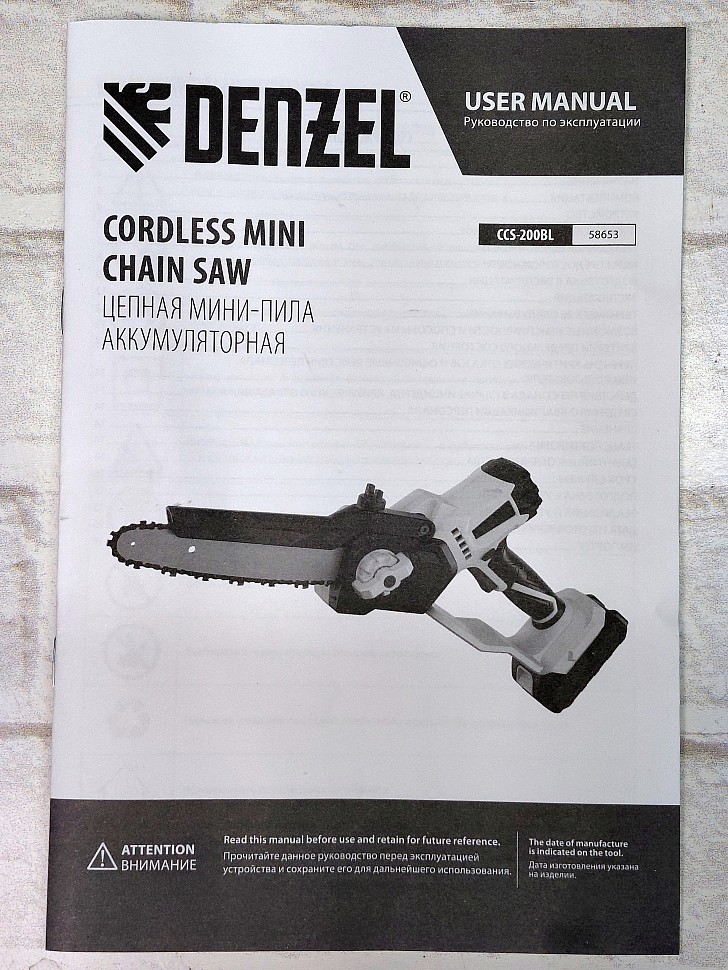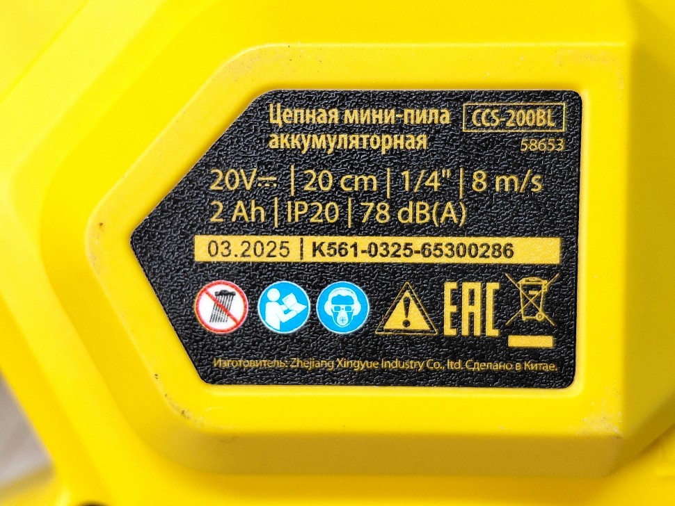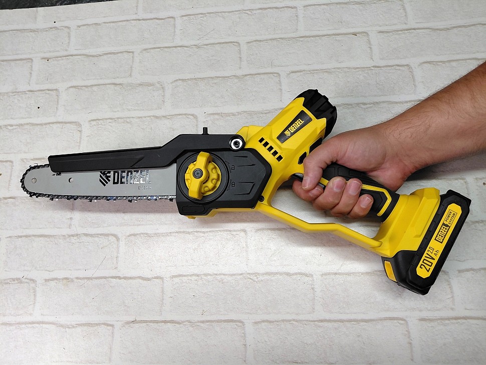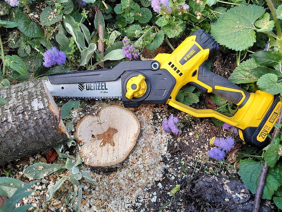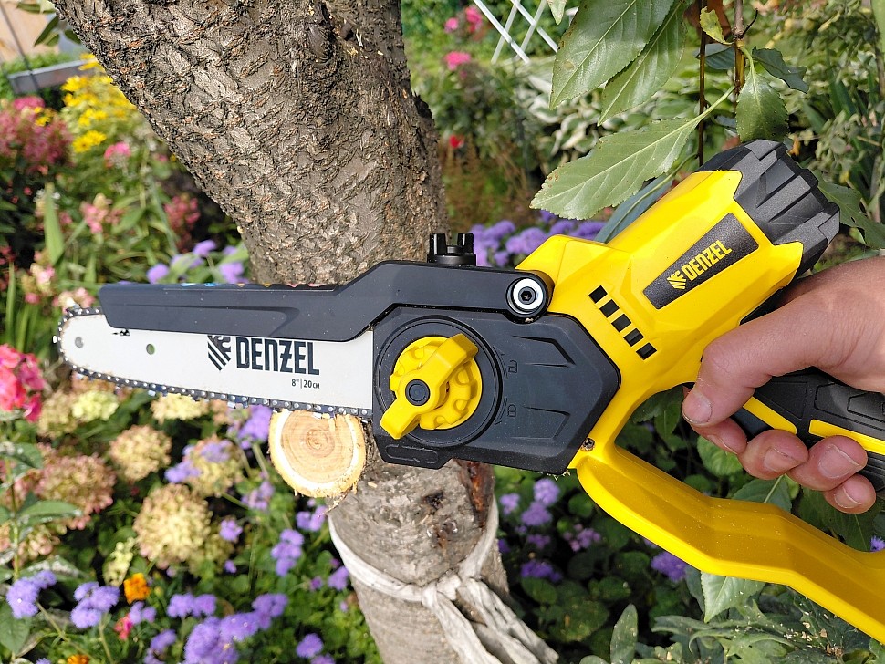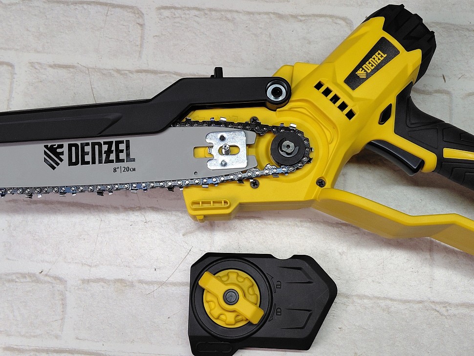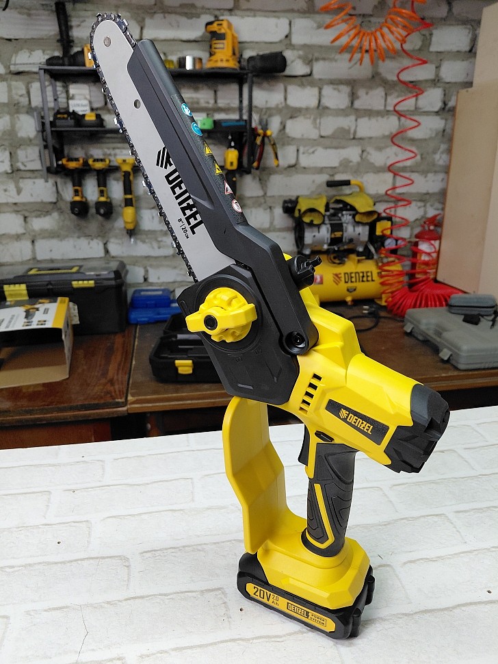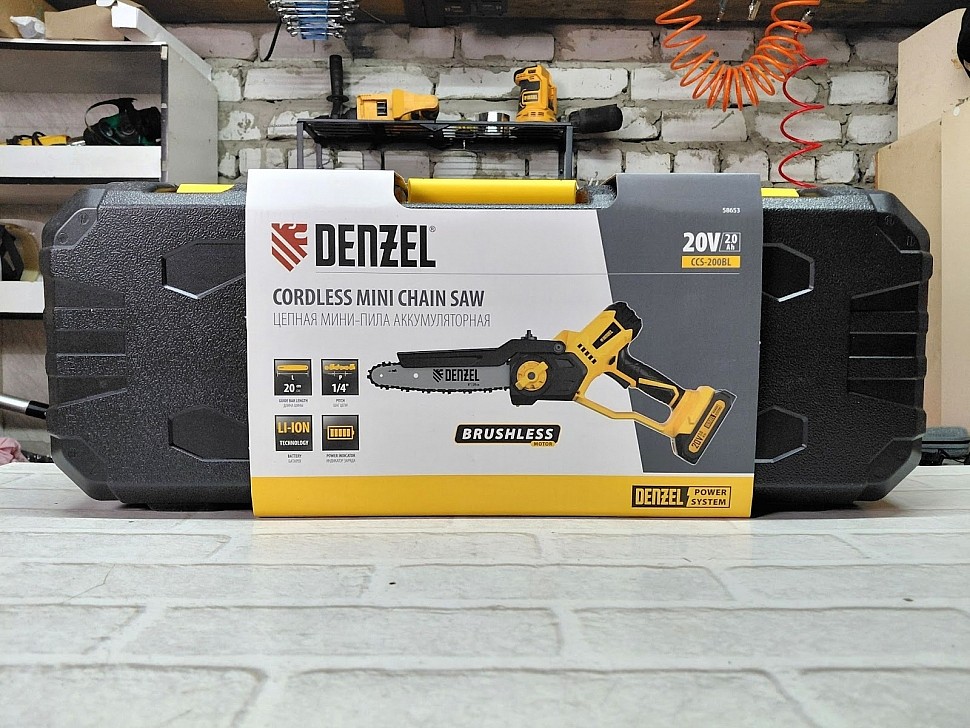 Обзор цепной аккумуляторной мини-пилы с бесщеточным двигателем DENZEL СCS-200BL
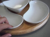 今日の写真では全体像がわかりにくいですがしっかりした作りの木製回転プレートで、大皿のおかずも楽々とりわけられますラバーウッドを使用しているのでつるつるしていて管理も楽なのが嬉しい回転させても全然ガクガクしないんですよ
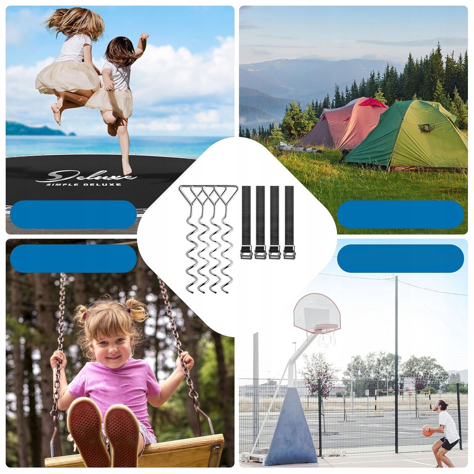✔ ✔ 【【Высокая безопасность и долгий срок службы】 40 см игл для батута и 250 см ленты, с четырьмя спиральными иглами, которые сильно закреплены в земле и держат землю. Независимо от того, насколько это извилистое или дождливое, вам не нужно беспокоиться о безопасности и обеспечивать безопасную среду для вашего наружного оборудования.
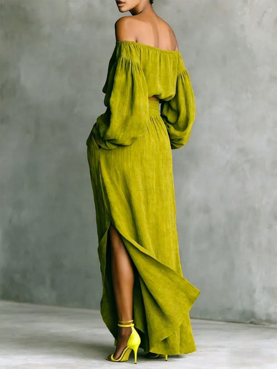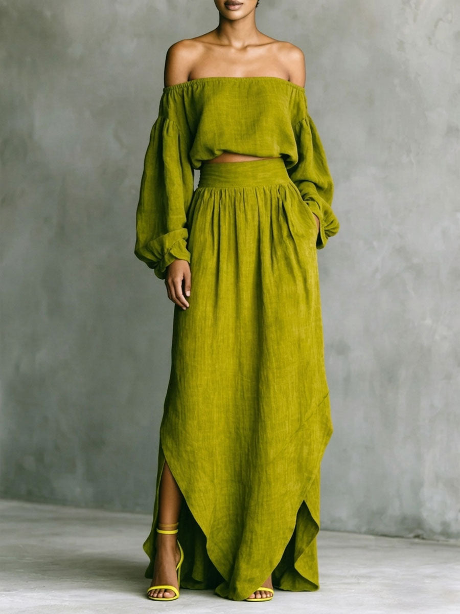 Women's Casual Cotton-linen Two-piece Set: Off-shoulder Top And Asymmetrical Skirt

» Work item:
Set down, word for word, the full listing above, and carry over no pictures.

» Answer:
 Обзор цепной аккумуляторной мини-пилы с бесщеточным двигателем DENZEL СCS-200BL
 今日の写真では全体像がわかりにくいですがしっかりした作りの木製回転プレートで、大皿のおかずも楽々とりわけられますラバーウッドを使用しているのでつるつるしていて管理も楽なのが嬉しい回転させても全然ガクガクしないんですよ
✔ ✔ 【【Высокая безопасность и долгий срок службы】 40 см игл для батута и 250 см ленты, с четырьмя спиральными иглами, которые сильно закреплены в земле и держат землю. Независимо от того, насколько это извилистое или дождливое, вам не нужно беспокоиться о безопасности и обеспечивать безопасную среду для вашего наружного оборудования.
 Women's Casual Cotton-linen Two-piece Set: Off-shoulder Top And Asymmetrical Skirt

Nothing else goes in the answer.